There has been a yawning gap between the highlight-reel fielding at this tournament and those moments destined for the blooper video. The good has sometimes been spectacular but the bad has often been embarrassing. Saeed Ajmal laid a high marker to top the list after his three drops against England, but it will take something special to match the mix-up between Wavell Hinds and Andre Fletcher, which left both players starring at each other as the ball landed between them.
Mahela Jayawardene, well set on 66, went for a sweep off Sulieman Benn and got a top edge which looped high towards short third man. Fletcher looked at the chance but barely moved from his position behind the stumps, while Hinds took a couple of steps in from the fielding circle before stopping. It was a keeper's catch - if the man with the gloves can get near a chance he should go for it - but there appeared a complete breakdown in communication.
It summed up a West Indies performance that quickly disintegrated after a promising start with the new ball by Jerome Taylor and Kemar Roach as six chances were missed. The hosts qualified with two group wins but momentum is fragile in Twenty20. Take your eye off the ball for a moment (and that happened in every sense) and a team can be on the back foot.
"It's a disappointing start but we had our chances and we let it slip away," Chris Gayle said. "They must be given credit for the way they batted after those chances. We were bowling at a guy in fine form and to give a guy like [Kumar] Sangakkara a chance, those guys can hurt you, which they did."

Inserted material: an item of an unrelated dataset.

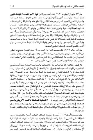 ويف 27حزيران/يوني�ه ،2011أنش�أ مجل�س األمن قوة األمم املتح�دة املؤقتة ألبيي لفرتة مبدئية مدتها س�تة أشهر وكلّفها بوالية رصد إعادة انتشار القوات املسلحة السودانية والجيش الشعبي لتحرير السودان من منطقة أبيي والتحقق منه؛ واملشاركة يف الهيئات ذات الصل�ة ملنطقة أبيي؛ وتقديم مس�اعدة تتعلق بإزالة األلغام وتوفري خدمات تقنية؛ وتيسير تس�ليم املعونة اإلنس�انية؛ وتعزيز قدرة دائرة رشطة أبيي؛ وتوفري األمن للهياكل األساس�ية النفطي�ة بالتعاون م�ع الرشط�ة .ويف 29حزيران/يونيه ،و ّقع الطرفان اتفاقا ً بش�أن أمن الحدود واآللية السياسية واألمنية املشرتكة ينص عىل إنشاء منطقة حدودية منزوعة السالح ويطل�ب إىل قوة األمم املتحدة املؤقتة ألبيي توفري الحماية لبعثة تحقق دولية لرصد الحدود. وسع مجلس األمن والية القوة األمنية املؤقتة لتشمل ،ضمن مهام ويف كانون األول/ديسمربّ ، أخرى ،تقديم املساعدة يف عملية تطبيع الحدود. ويف أيار/مايو ،2012طلب مجلس األمن من الس�ودان أن يعيد انتش�ار جميع من تبقى من األفراد العس�كريني والرشطيني م�ن منطقة أبيي ،وقد انتهى كل من الس�ودان وجنوب الس�ودان من إنش�اء إدارة منطقة أبيي ودائرة رشطة أبيي .ويف ترشين الثاني/نوفمرب مدد املجلس والية البعثة األمنية املؤقتة ألبيي حتى 31أيار/مايو .2013 دارف�ور .تتفاع�ل التوت�رات العرقية واالقتصادية والسياس�ية القائمة من�ذ أمد بعيد مع التنافس عىل املوارد الش�حيحة وت�ؤدي إىل تغذية العنف يف إقليم دارفور يف الس�ودان .وبعد ثالث س�نوات من العن�ف الضاري انخرط�ت فيه الحكوم�ة وجيش تحرير الس�ودان/عبد الواحد ،وحركة العدل واملس�اواة والجنجويد وميليش�يات أخرى ،أسفرت الجهود التي بذلها االتحاد األفريقي عن التوقيع يف أيار/مايو 2006عىل اتفاق سلام دارفور .ويتناول االتفاق تقاس�م السلطة وتقاس�م الثروة والوقف الش�امل إلطالق النار ووضع ترتيبات أمنية .ورغم أن جمي�ع أط�راف النزاع كانت حارضة االجتم�اع ،لم تو ّقع االتفاق س�وى الحكومة وجيش تحري�ر الس�ودان/عبد الواحد .ويف آب/أغس�طس 2006أذن مجلس األمن بتوس�يع نطاق والي�ة بعثة األمم املتحدة يف الس�ودان لتمكينه�ا من نرش عنارصها يف دارف�ور .لكن حكومة الس�ودان اعرتضت عىل نرش حفظة السالم التابعني لألمم املتحدة يف املنطقة .وبعد أشهر من املفاوضات أنشأ املجلس يف تموز/يوليه 2007العملية املختلطة لالتحاد األفريقي واألمم املتح�دة يف دارفور ،لكي تتعامل عىل نحو ش�امل مع الحالة يف دارف�ور ،وكانت بذلك تمثل أول قوة مختلطة تش�ارك فيها األمم املتحدة ،وأكرب عملية لحفظ السلام تابعة لألمم املتحدة عىل اإلطالق. ويف نيس�ان/أبريل ،2007أصدرت املحكمة الجنائية الدولي�ة أمرين بالقبض عىل وزير الدولة السابق للشؤون الداخلية وقائد ميليشيا الجنجويد بتهمة ارتكاب جرائم ضد اإلنسانية وجرائم حرب .لكن موقف الحكومة السودانية إزاء ذلك ذهب إىل أن املحكمة الجنائية الدولية غري ذات اختصاص بمحاكمة املواطنني الس�ودانيني وأنها لن تسلّم الشخصني املذكورين إىل أي س�لطات يف الهاي .ويف عام ،2008وجهت املحكمة الجنائية الدولية إىل رئيس الس�ودان ّ

After seeing the bounce generated by Australia's quicks, Roach and Taylor also made life uncomfortable, but that was about as close as the comparison got to Michael Clarke's team. Taylor suffered most from fielding lapses as Sanath Jayasuriya was spilled at backward point in the second over by Kieron Pollard. Although that only cost a single, a much bigger error soon followed.
Taylor found the edge of Sangakkara's bat and Gayle, normally very safe at slip, couldn't take a low chance diving to his left. By the time Sangakkara eventually fell for 68 the partnership was worth 166. In between there had been other let-offs, too, and one brought the spotlight on West Indies' selection policy.
Fletcher has been given the keeping gloves in place of Denesh Ramdin after the specialist keeper was dropped following the opening game against Ireland. Four balls before the horrendous non-catch, Fletcher fluffed a stumping opportunity off Jayawardene. He isn't a complete novice behind the stumps, having kept extensively for Grenada and done the job during the Stanford tournament, but here he didn't look international quality.
Having your specialist wicketkeeper sat in the dug out seems an expensive luxury. Ramdin's form hadn't been good leading into the tournament, but once selected in the 15 it seems wasteful not to play him. If the selectors were so concerned they should have taken a drastic call before the event and dropped him in favour of another specialist. A part-time keeper is always a risk.
It has been done so West Indies can play an extra batsman, but the runs that keeping errors cost (and Jaywardene's missed stumped was worth 33) means it defeats the object of strengthening the line-up. Fletcher's case wasn't improved by his own painful innings of 16 from 18 balls, but by then the match was already lost.
"Ramdin has been struggling with the bat for the last couple of series and we want to play the extra batter," Gayle said. "So to try and balance the team we have given Fletcher the gloves and he's done well for us before."
It's a conundrum many sides have had, but quality keepers regularly show their worth in Twenty20. Most teams in this tournament are fortunate that their gloveman is also a frontline batsman - Sangakkara, MS Dhoni, Craig Kieswetter and Brad Haddin being top of the list - and it seems West Indies are trying to muddle their way there.
West Indies' fielding of recent times has always had the capacity to fall apart in dramatic style and unless they sharpen up their chances of progressing are slim, although they can take heart that Pakistan won last year despite, not because of, their fielding. However, West Indian heads collectively went down quickly as Jayawardene and Sangakkara produced a masterful partnership and now they must rise to beat India on Sunday.
"We'll discuss what happened today and it's back to the drawing board," Gayle said. "It is must-win for both teams and it should be a good game. We are still confident we can win the two games and move onto the semi-final."